Pure joy; absolute freedom; a limitless horizon unsullied by the constraints of time, reality, failed knots, and blown casts—setting out on a road trip, especially a fishing road trip, serves up one of life’s most intoxicating emotional cocktails. Why confine that experience to the summer months?
Okay, sure, some seasonal considerations warrant scrutiny: Deep February excursions in the far north can be miserable, not to mention potentially hazardous, and many fisheries have seasonal closures. Winter options are more limited, though fishy jaunts remain possible. You could rally to Nevada and fish Pyramid Lake.
Campgrounds that, two months ago, swelled with overstuffed motorhomes, sprawling packs of feral children, and insta-fluencers looking to capitalize on the perfect backdrops of nature, are now relatively quiet. You don’t have to fall asleep to the harmonizing hum of generators, or worry about skipping out before dawn to avoid the wrath of the golf-cart bound campground host who’s pissed at you for crashing in the day-use area when all the designated spots were full. Not that we’ve ever done that.
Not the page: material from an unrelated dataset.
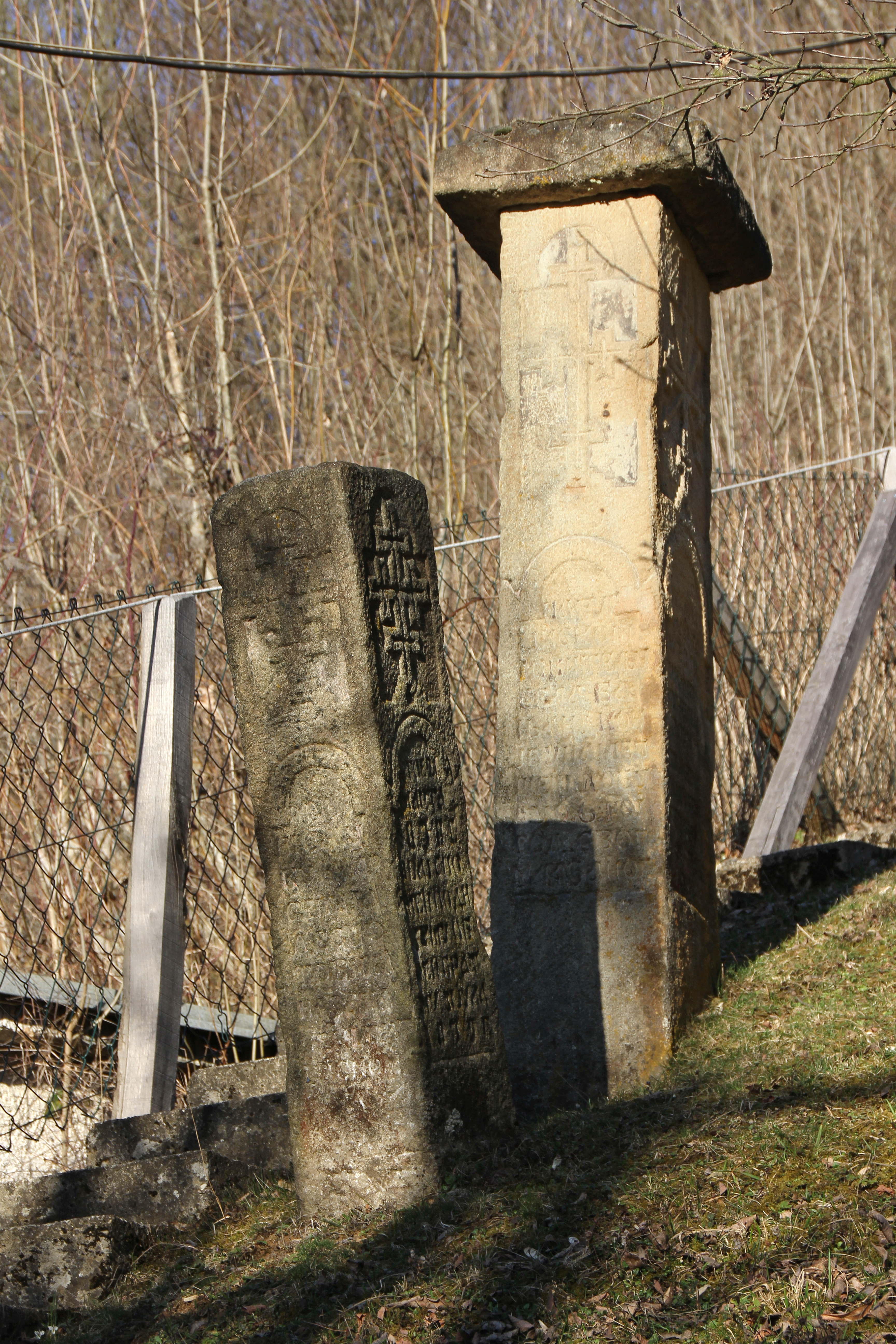 Roadside tombstones erected in memory of Arsenije Despotovic and Andrija Stevanovic, soldiers that were killed in the Serbo-Turkish War (1876-78). They are located in the village Gornji Banjani (municipality of Gornji Milanovac), Serbia.

Roads are also far less crowded this time of year, and gas prices at least nominally lower. Best of all—the drop in angling pressure. You can use deciduous trees as a crowd barometer for most rivers, streams, and lakes. As the leaves thin, so do the people harassing the fish. We have no problem with legal and ethical fish harassment, by the way, we just prefer to be the only ones doing so at any given time. When the maple branches cling to a few fingered stragglers at the put-in, you can expect an equally bare parking lot.
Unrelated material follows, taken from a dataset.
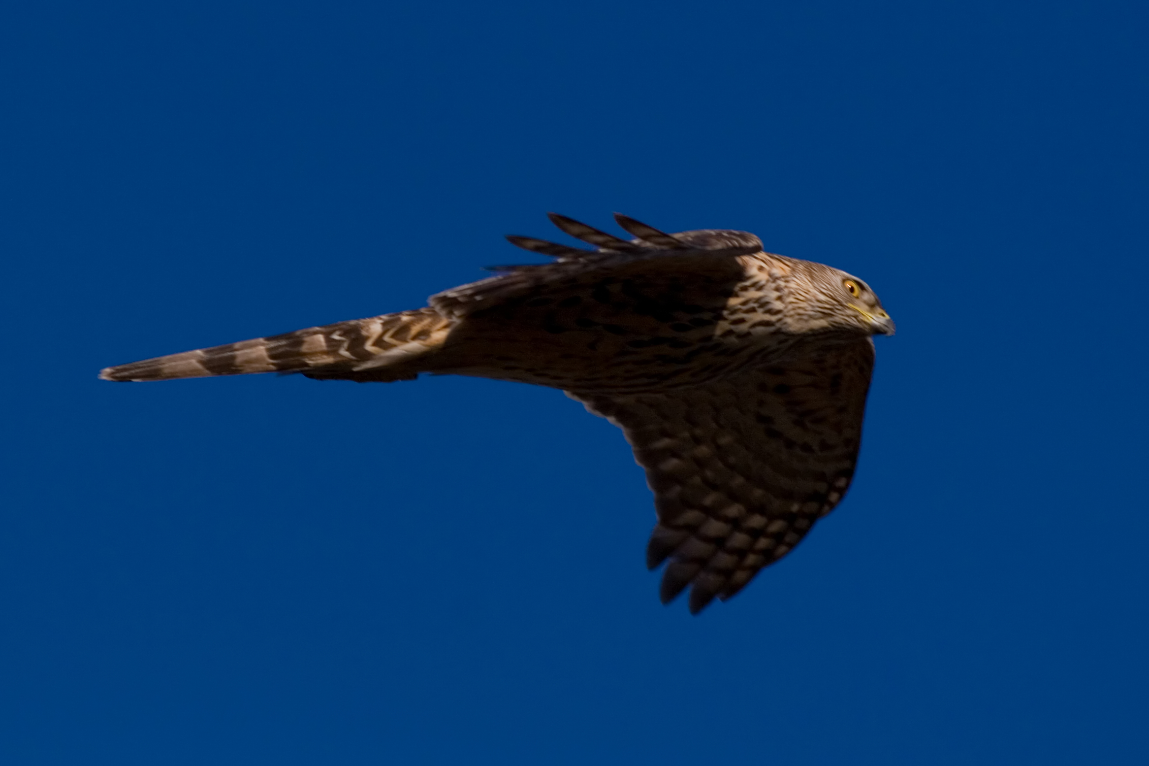 Juvenile Accipiter gentilis (Goshawk) in flight. Photographed at Vanhankaupunginlahti, Helsinki, Finland. The location is listed in Ramsar "List of Wetlands of International Importance". Geographic location (N):23355 (E):52520 (The coordinates are some 100 meter off. Information will be updated when connection to location server is established). When photographed, this bird was flying amazingly fast among herd of other birds, probaply chasing them. Notice that the bird has identification ring. Thanks for MPF for verifying identification.

So, here’s our suggestion: Let’s liberate road trips. The glampers and van lifers of the world can have the summer road trip. We’re more than happy to claim fall as our season of nomadic seeking. We’re not after the perfect summer photo, the best county fair, or forced quality time with the family—at least not right now. We just want the unencumbered freedom of a well-packed truck headed out for a fishing trip. Okay, the dog can come too.